Assessment
of the Thermodynamic Stability
Authors: J.M. Richardson
and P.J. Thomas
Department of Physiology
The University of Texas
Southwestern Medical Center at Dallas
6001 Forest Park
Dallas, TX 75390-9040
email: philip.thomas@utsouthwestern.edu
INTRODUCTION
The aim of this protocol is to measure the rate at which the off pathway
species accumulates from protein starting in the refolded state.
Protein in 8M GuHCL is rapidly diluted to conditions where refolding can
occur. The protein is then
allowed to refold at 4oC overnight.
Refolded protein is then increased in temperature to induce misfolding
and sample is monitored at 600nm for changes in light scattering.
As the off pathway species accumulates the aggregates scatter light
causing the signal to change as a function of time.

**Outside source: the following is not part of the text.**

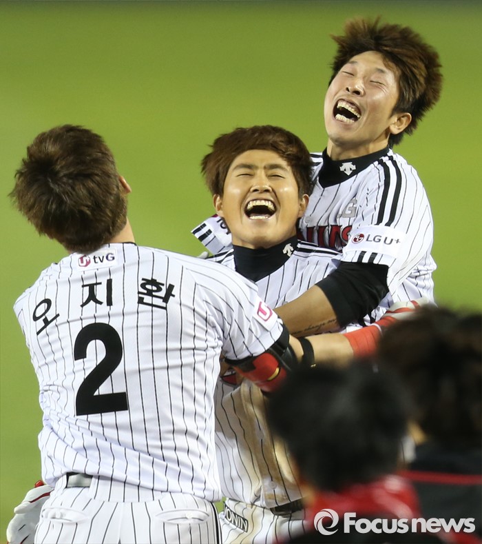 (서울=포커스뉴스) 29일 서울 잠실구장에서 열린 2016 프로야구 kt-LG 경기 9회말 1사 만루에서 LG 채은성이 끝내기 우전안타를 치고 오지환, 황목치승과 함꼐 환호하고 있다.

From this data a rate constant for the formation of off pathway species
can be extracted.
MATERIALS
1. Purified protein
2. Refolding buffer (100 mM Tris, 375 mM Arginine, 2 mM EDTA, 1
mM DTT pH 7.9)
3. 8M Guanidine Hydrochloride (GuHCL)
4. Spectrophotometer with temperature control
5. Test Compounds
EXPERIMENTAL
PROTOCOL
Purified protein is resuspended and incubated in 8M GuHCl for at least
two hours at room temperature to facilitate the complete denaturation of the
protein sample. Following denaturation, the protein concentration is determined
by UV absorbance. Adjust the protein concentrations of all samples to 40mM
by further dilution with 8M guanidinium such that both the guanidinium and
protein will be diluted by the same factor to achieve the final reaction
concentrations (1mM
protein, and 200mM GuHCL) in all experiments. Both the protein and guanidinium
concentrations should be identical for all of the samples prior to and during
refolding. It is critical that all protein samples are at precisely the same
final concentration for accurate comparison in these experiments as protein
aggregation, the indicator for misfolded protein, is a concentration dependent
event. Aliquot 2437.5 ml
of refolding buffer into falcon tube with cap (without compounds) and
incubate at 4oC overnight. Sample
is then centrifuged to remove any misfolded protein for 15 min at 4oC.
Once any misfolded protein has been removed add test compounds to 10mM final concentration mix
quickly and incubate at 4oC for 70 minutes, then put the sample in a
spectroscopic cell with cap. Spectrophotometer
sample holder should be pre-equilibrated to desired temperature and ready to
start experiment. The sample is
induced to misfold at this concentration (1mM)
by increasing the temperature to either 32 or 37oC.
The increase in temperature causes the off-pathway species to become
populated, due to the equilibrium between the native and unfolded states. Stop
experiment when the refolding reactions have completed about 12,000 seconds or
when the UV signal reaches and maintains a plateau.